Anthony Zammit appears to be going out of his way to drag down as much opprobrium as possible on his head. He told the conference that he is forced to carry out fewer operations because of a lack of beds at the new hospital. Well, what can I say, Profs? It gives you the time you need to make a fool of yourself on the Labour stage. Maybe the Ministry of Health should save him from further embarrassment by giving him a few more wards for his patients, so that the only time he gets to leave the operating theatre is when he’s in bed.

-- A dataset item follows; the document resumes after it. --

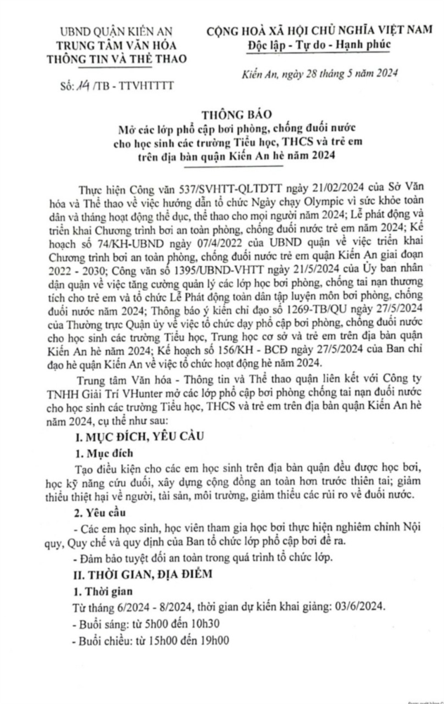Thời gian: Từ 01/6/2024 đến tháng 8/2024

The man was upset because I compared what he described as his “medical bulletins” (which is like calling the parish newsletter a newspaper) to those of Fidel Castro’s Cuba. He wondered where my professional ethics are. Sssssh, don’t tell Boob-Job Jason, but I used them to stuff my bra. I like it, though: a surgeon and professor behaving like a total prat at the general conference of a political party, wondering about the whereabouts of the professional ethics of others.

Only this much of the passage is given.